• [How to complete this task]: Each line in the material below, starting at the one that contains "Ce slip noir" and ending at the one that contains "Andador para bebés", should be repeated exactly; the pictures should not.

• [Exercise input]:
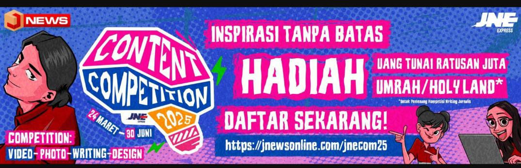 JNE Content Competition 2025 akan berlangsung mulai dari tanggal 24 Maret hingga 30 Juni 2025, dengan hadiah berupa uang tunai ratusan juta rupiah serta kesempatan diberangkatkan Umrah atau Holy Land. Kompetisi ini merupakan bagian dari kontribusi JNE dalam menciptakan talenta baru yang memiliki kemampuan kreativitas yang dituangkan melalui karya penulisan, desain, fotografi, dan videografi. Kompetisi ini dapat diikuti oleh berbagai kalangan, mulai dari jurnalis, masyarakat umum, pelajar & mahasiswa, hingga karyawan JNE. Pendaftaran dapat dilakukan melalui tautan berikut: https://jnewsonline.com/jnecom25/ .
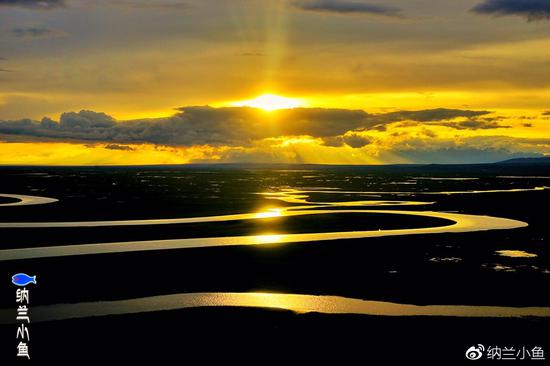 夕阳的余晖洒在每道河的河湾上,美丽万分。
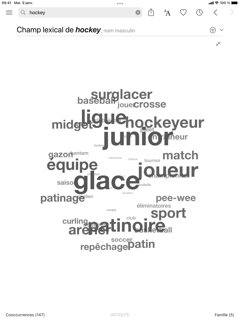 Le dictionnaire de champs lexicaux présente l’ensemble des mots sémantiquement apparentés au mot en vedette, regroupés par sens et classés par force relative.
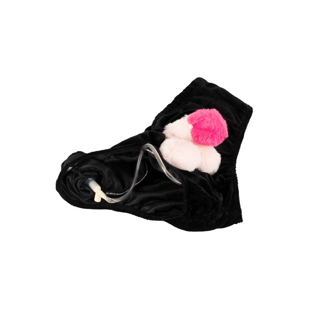 Ce slip noir unisexe cache une surprise hilarante : une peluche blanche et rose en forme de pénis qui peut se redresser en un clin d’œil grâce à un système pneumatique discret.
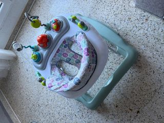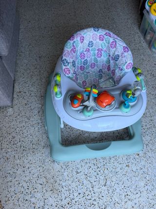 Andador para bebés con varios juguetes interactivos para estimular el desarrollo. - Asiento acolchado. - Estructura de plástico resistente. - Juguetes de colores. - Ruedas giratorias.
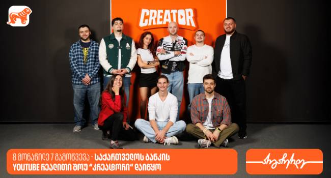 საქართველოს ბანკი ქართველი კრეატორების მხარდასაჭერად პირველ, მასშტაბურ YouTube რეალითი შოუს “კრეატორს” ახორციელებს. ინიციატივის მიზანი, საქართველოში YouTube სივრცის განვითარების ხელშეწყობა, ეკოსისტემის გაძლიერება და კონტენტ კრეატორების მხარდაჭერაა.
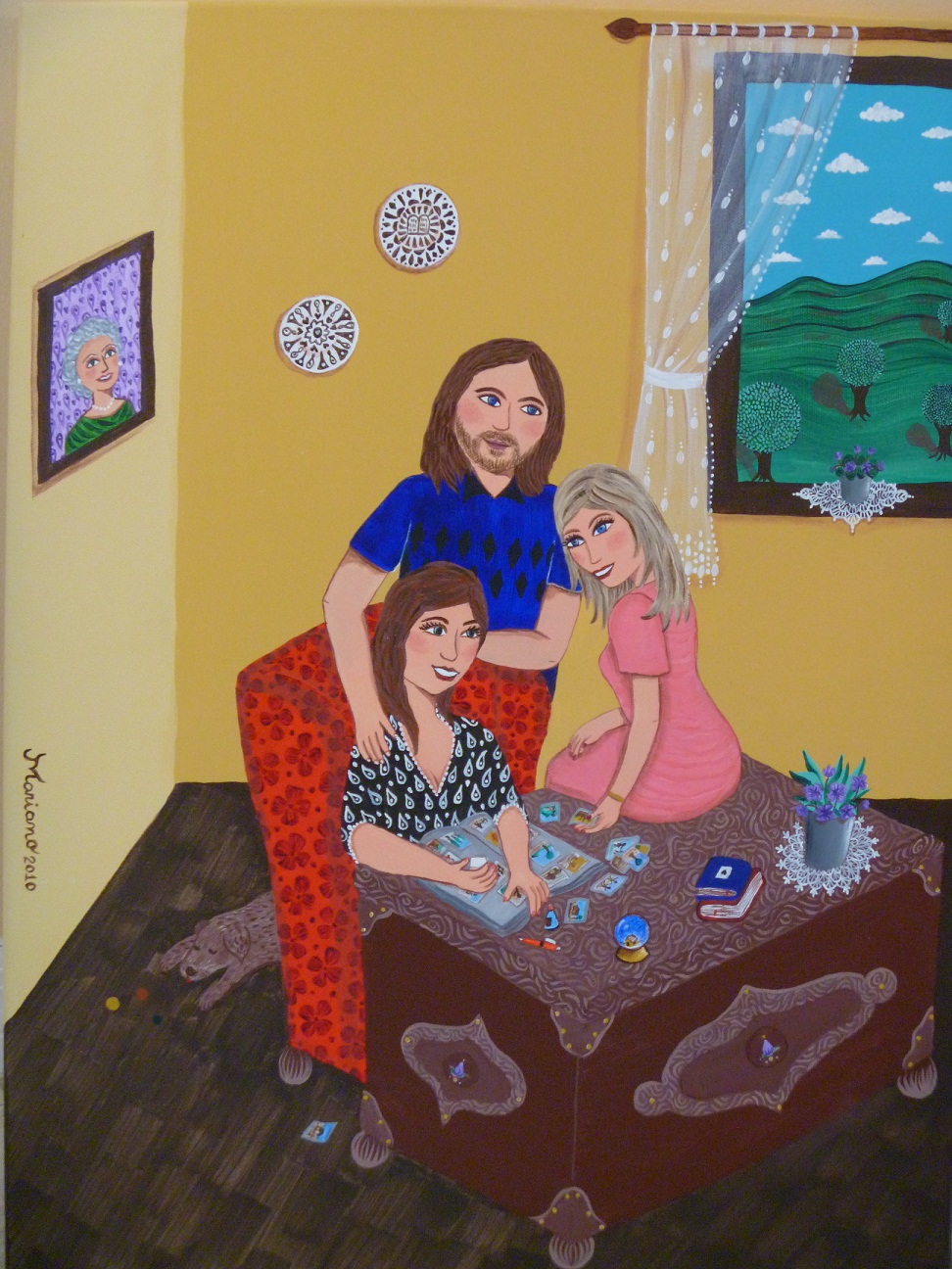 Adriana wanted to give Hajar a present that would, like their friendship, resist through time and distance… So she asked me to paint something that would play with their friendship memories. That way, they will never really be apart, and they will be reminded of the upcoming day when they will , once again, meet, play and be merry!

• [Expected answer]:
 Ce slip noir unisexe cache une surprise hilarante : une peluche blanche et rose en forme de pénis qui peut se redresser en un clin d’œil grâce à un système pneumatique discret.
 Andador para bebés con varios juguetes interactivos para estimular el desarrollo. - Asiento acolchado. - Estructura de plástico resistente. - Juguetes de colores. - Ruedas giratorias.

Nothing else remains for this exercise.